Setting the record straight on aquaculture

  • Wednesday, April 3, 2019 1:30am
  • Opinion

The Jamestown S’Klallam Tribe has an application before Clallam County to resume shellfish aquaculture in Dungeness Bay. Unfortunately, misinformation has been circulated about the project. I write with the objective to correct the record.

Dungeness Bay is the ancestral home of the Jamestown S’Klallam people. By signing the Treaty at Point No Point, the S’Klallam people ceded millions of acres of land to the United States but reserved all rights to fishing and shell fishing within our “usual and accustomed” harvest area. The S’Klallam people have for centuries cultivated and harvested shellfish in Dungeness Bay, both before and after the State Department of Natural Resources began leasing this tideland site for commercial shellfish aquaculture in 1953.

Our tribe secured the lease in the 1990s when it purchased The Oyster House and continued operations until pollution of the inner bay, largely from upland development, forced a closure in 2005. In collaboration with many local partners, the tribe secured more than $2 million in grant funding for the express purpose of improving water quality for the Dungeness Bay to resume our oyster farm operations.

The site had been used continuously for oyster cultivation from 1964-2005; however, the environmental interruption to the aquaculture operations required the tribe to secure local and federal permits.
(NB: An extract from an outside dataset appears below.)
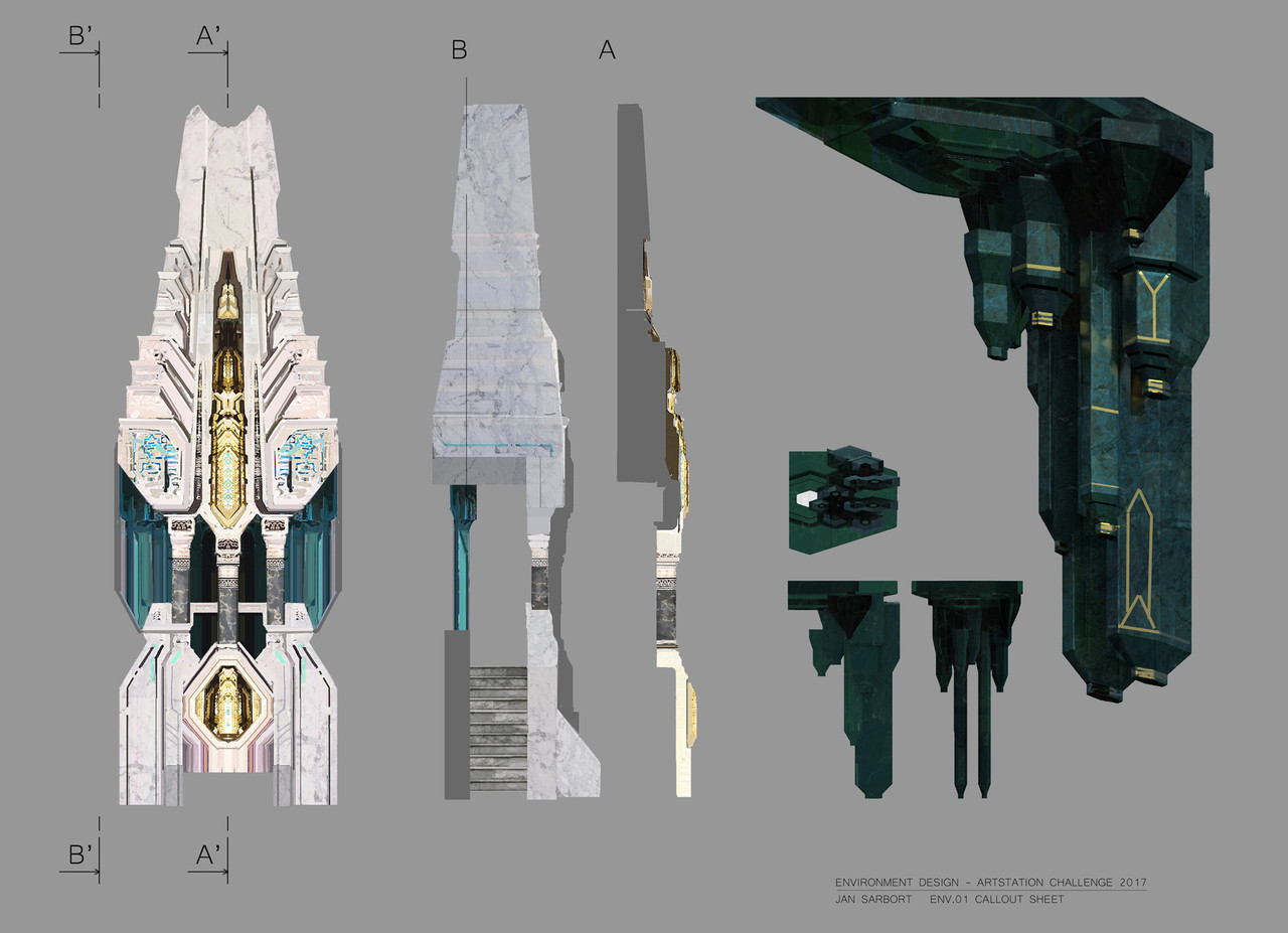 For this challenge, participants had to design not one but two unique environments that fit within the theme of Ancient Civilizations: Lost & Found. The submission also had to include a callout sheet containing elements that make up the final rendered environment. In a production environment, beautiful, fully-rendered environment concepts serve to sell the overall mood of the space so the call outs of those rendered environments needed to be able to serve as the blueprints for the art team to model specific elements, and for the purpose of the challenge, show your design process behind each location.

In May 2018, the US Army Corp of Engineers required an individual instead of a nationwide (based on published standards) permit, because of proximity to the Dungeness Wildlife Refuge. Clallam County’s permitting relies on biological evaluations conducted in the federal permit process, so the county approved a delay until the tribe had submitted the updated application materials, including the site-specific biological evaluations. All of those reports have been submitted.

‘Stewards of traditional homelands’

The tribe has two parallel goals in everything we do — to continue to be stewards of our traditional homelands so that we can continue to fish, hunt and gather our treaty resources; and to generate revenue to fund programs and services to our tribal citizens. In the process of both objectives, we have provided significant benefit to the larger community in terms of the local environment and local employment.

Aquaculture fulfills our goals, as we utilize best practices to protect the environment while growing a naturalized resource that provides marine based jobs; to grow and plant seed, harvest, package and deliver shellfish. Those jobs expand exponentially as restaurants and seafood distributors benefit from having fresh, sustainably harvested seafood.

It would make no sense economically or culturally for us to negatively impact the environment or the wildlife that has been a part of our cultural practices and values for thousands of years.

The scope of our oyster operations is small. Our application asks for a permit to plant and harvest oysters on less than 3 percent of the inner Dungeness Bay. The project will be done in phases, starting with 5 acres and expanding to 30.

There has been misrepresentation of the project by people who are generally opposed to shellfish farming in Washington. To be clear, the following practices will not be used: graveling/frosting, anti-predator netting, pesticides/chemicals, land vehicles, dredging, suspended cultivation, floats, mechanical harvest, hazing of wildlife or removal of any flora or fauna.

During our more than 50-year history of engaging in aquaculture in Dungeness Bay, no reports have ever indicated that commercial shellfish operations were incompatible or interfered with refuge functions, particularly regarding migratory birds. Our application proposes environmental monitoring and has identified mitigation strategies to avoid and reduce potential impacts to refuge wildlife and habitat.

Concerns about plastics: Oyster cultivation bags are made of high density, ultraviolet resistant plastic that degrades over decades. These bags are removed from the environment and cycled out of farm use long before the degradation process occurs. Viable plastic alternatives for commercial oyster cultivation are not presently available, but the tribe is committed to reducing the use of plastics in farming activities as new alternatives become available to the industry.

It is our intent to continue our stewardship of our ancestral river, estuary and bay, and to grow oysters as an economic driver. Who better to nurture this place than its original indigenous inhabitants?

We firmly believe that our Jamestown S’Klallam Tribe and everything we do in our community is based on culturally and environmentally sensitive balance for growth including the transition from old 19th- and 20th-century practices to more effective and responsible 21st-century technology and techniques.

W. Ron Allen is Tribal Chairman/CEO of the Jamestown S’Klallam Tribe.